The human body has a complex system of defences that can provide protection against infection and disease. This system has the ability to target, isolate and destroy potentially harmful invaders. This destruction is achieved in three stages – first by the recognition of structures on the invader (antigens) which are not present in the host. Antibodies and T cells that can recognise the antigens as ‘foreign’ are then produced. These antibodies and T cells then attach to the invader and destroy it both directly and by recruiting other mechanisms of destruction. Exactly the same happens to a transplant unless it is from an identical twin. The ‘foreign’ antigens on the transplant induce antibodies and T cells. These target the transplanted organ and do their very best to destroy it. The term ‘transplant antigens’ is used to describe those antigens that are most important in this regard. Only two are really important: the human leukocyte antigen (HLA) system and the ABO system (see below). In order to prevent rejection it is necessary to circumvent the immune system (by matching and cross-matching) and to suppress the immunological response.

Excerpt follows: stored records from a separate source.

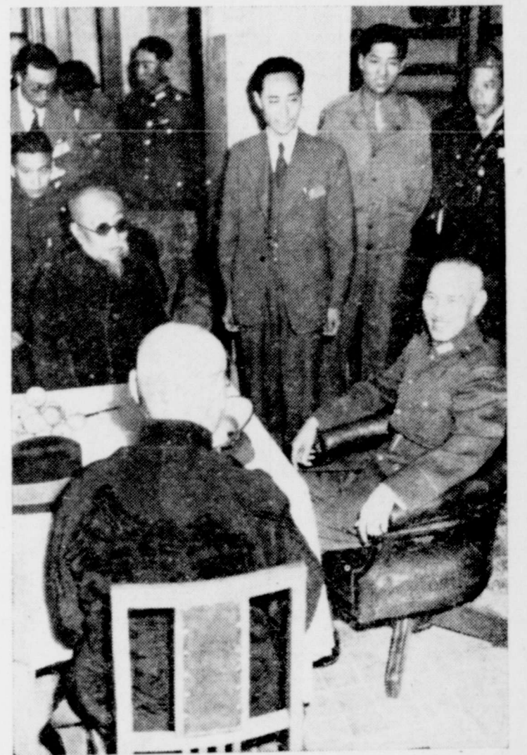
OLD AND NEW CHINA—Generalissimo Chiang Kai-shek, seated at head of table, talks with the graybeards of "old" China and young officials of the "new," following arrival at the Changchun airport for his first tour of strife-torn Manchuria.

Caribou on the North American continent at the present time are estimated to number about fifty million.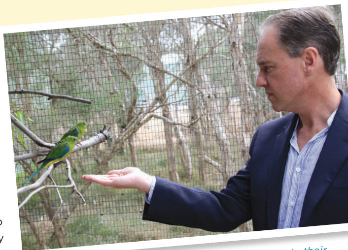
▲ feeding two orange-bellied parrots their food at Moonlit Sanctuary, Pearcedale

I congratulate the team at Moonlit on their tireless efforts to protect threatened species.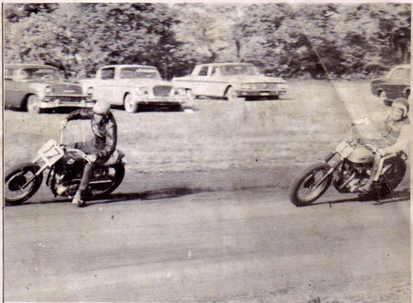
Those Pennsylvania Speedway Scrambles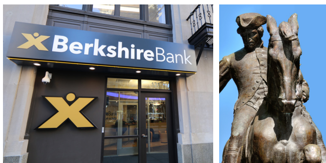
Flagship Boston branch on Congress Street adjacent to Post Office Square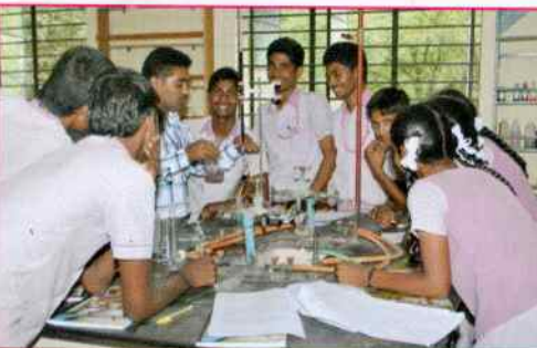
Hands on Practical Training to +2 Students at Chemistry, Computer Science, Physics / ECS Laboratories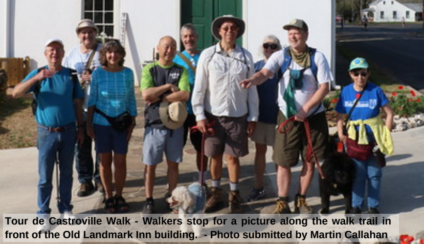
Tour de Castroville Walk - Walkers stop for a picture along the walk trail in front of the Old Landmark Inn building.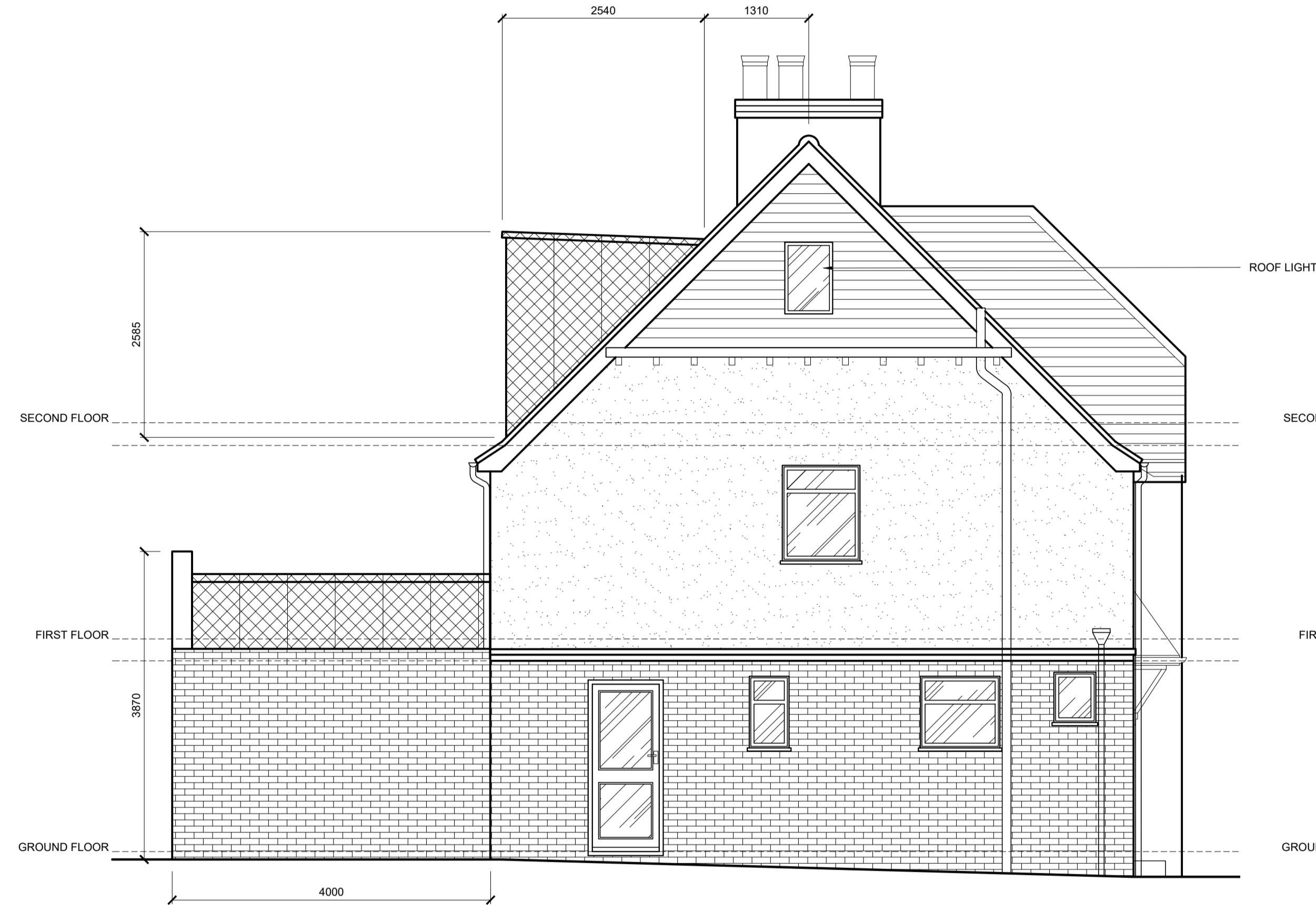
02 PROPOSED SIDE ELEVATION SCALE 1:50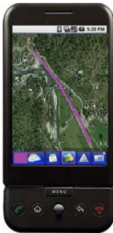
Figure 3. App with real time traffic indication along a user predefined route with data coming from a fleet of cars. Purple color indicates heavy traffic. Icon below refer to other information related to the user defined route (e.g. weather alert, fog alert).

Moreover transfer schemes commonly used in meteorological models, often do not account for small scale variability of the earth surface, because measurements of the atmospheric conditions do not exist in such a high spatial resolution to force the models. A high resolution grid of data coming from the ground improve a lot the performances of the models or validate the models themselves, and ad hoc WSNs can be used for these purposes [17].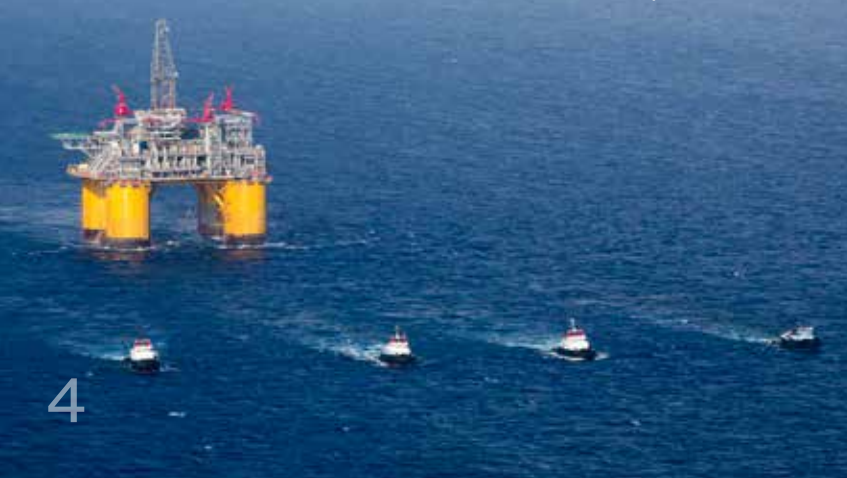
The offshore portion of the tow-out.

Once the rig was clear of the channel and in open water, the tugs were repositioned in the offshore tow configuration. Again, an easy changeover without the need for additional equipment was critical. Rigging in open water can be challenging, but lightweight, high-performance synthetics that are easily handled by manpower alone made rigging changeovers quick and efficient.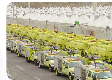
Civil Defense Solutions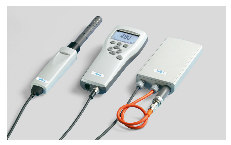
The Vaisala CARBOCAP® Handheld Carbon Dioxide Meter GM70 is the demanding professional's choice for handheld carbon dioxide measurement. The meter consists of the indicator (center) and probe, used either with the handle (left) or pump (right).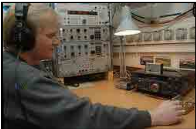
DP1POL (DL5XL) at the operating position.

DP1POL is located at Neumayer Station, Antarctica, Grid Locator IB59VI. I have been working here as a radio operator since December 2002, and will leave at the end of January 2004. I have had a great time in the Antarctic, it was fun to be active on the amateur bands as DP1POL. The "DP" prefix has been issued by the German authorities exclusively for use in extraterritorial locations such as German stations in Antarctica or the South Shetland Islands. I hope that my log will not be mistakenly scored for Germany as it happened in last year's ARRL CW Contest.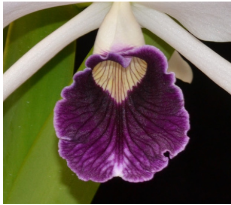
There are a couple different types of blues in purpurata lips, variously called coerulea, roxo-violeta, or Werkhauseri. This is the roxo-violeta type.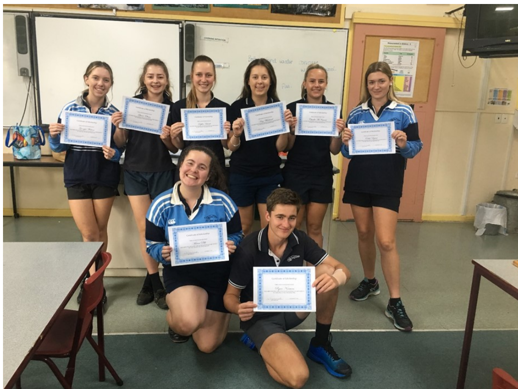
The 2019 year 12 head start biology students receive their certificates for microscope Technique

Sessions start on the 26th November and are on a Monday or Thursday. Registration forms will be available from either the Senior or Junior Campuses.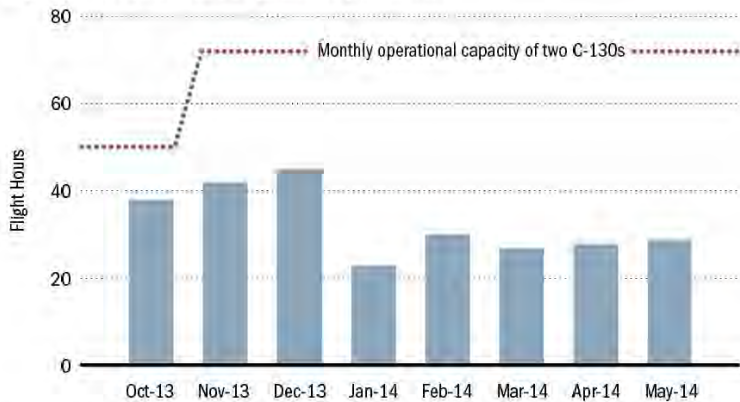
Figure 2 - Two AAF C-130 Flight Hours per Month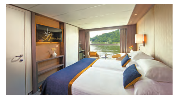
Left: MS Amadeus Silver III Above: MS Amadeus Silver III cabin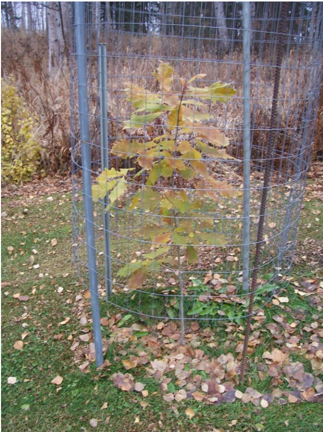
Bur oak as of 2021 autumn. Leaves were just changing color. There were an estimated sixty leaves as opposed to estimated 150 at present. Leader shows small leaves which may be a factor in winter dieback. All leaves dropped in autumn, which indicates they had time to mature. Birches were already dropping leaves when photo was taken.

The peasant wrote about his bur oak last year and has a couple of new photos to show its progress. It did suffer some dieback on most branches during a fairly tough winter, but it's coming back strong and looks great. It takes some time for it to adjust itself to our climate and its location, but it appears to be doing that. It has been in its permanent location for two winters.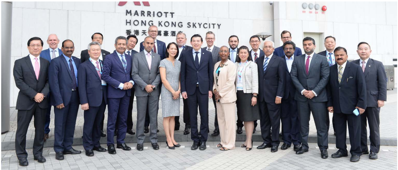
Board Members attending the Regional Board Meeting held in Hong Kong in April 2019.

The Regional Board is a governing body which determines the overall development strategy of ACI Asia-Pacific. The Board is composed of 25 aviation business leaders from across Asia-Pacific and the Middle East.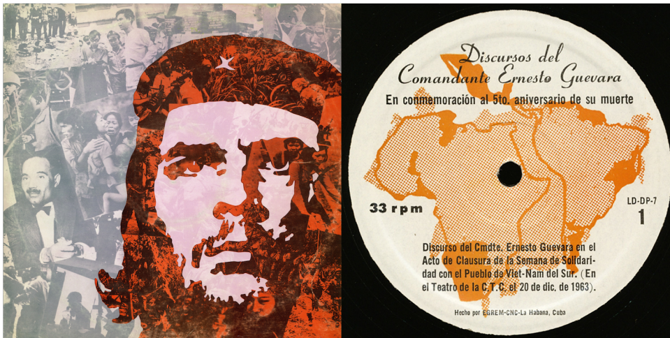
Image 1: Cover and label of the vinyl record of Ernesto “Che” Guevara’s speech (given in Havana, December 20, 1963).

The victory of peace for Vietnam and its right [to decide on its own socialist destiny] must be a new victory for the whole worker and anti-imperialist movement, on the path opened by the October Revolution, the Long March, and the Sierra Maestra [and from the growth and achievement of our resistance, for a new world]. 56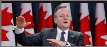
Canada PR Benefits Immigration Consultancy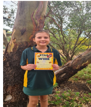
Senior Star of the Week Term 1 Week 3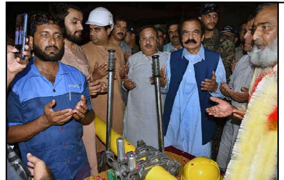
FAISALABAD: Interior Minister Rana Sana Ullah Khan offering 'dua' after inaugurating sui gas supply at Chak No. 4 JB Ram Diwali.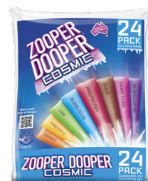
Zooper Dooper Water Ice Cosmic 24x70ml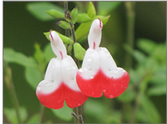
Hot Lips Sage flowers

Hot Lips Sage is recommended for the following landscape applications;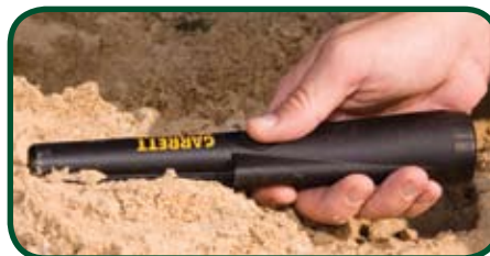
Scraping blade for searching soil

Components of the immune system

Leukocytes (white blood cells)

These comprise the cells that produce the antibody (B lymphocytes), recognise the foreign antigens (T lymphocytes), directly destroy invaders (activated T lymphocytes), or can be called in to help with the destruction process (monocytes, polymorphs and eosinophils). Thus, it can be seen that the lymphocytes play several roles and therefore have the major influence on graft acceptance.

Lymphocytes

These comprise 20% of the total white blood cell count and are made up of several groups of cells with specialised functions. The term ‘orchestra’ is often used to describe the mode of operation. Each section of the orchestra is made up of individuals with similar but not identical characteristics. The overall result of the orchestra playing is a result of each section performing in concert with the others.

Lymphocyte types

• T cells: these have antigen recognition structures fixed to their surface.
  
• B cells: these have antigen recognition structures that can be secreted (antibodies).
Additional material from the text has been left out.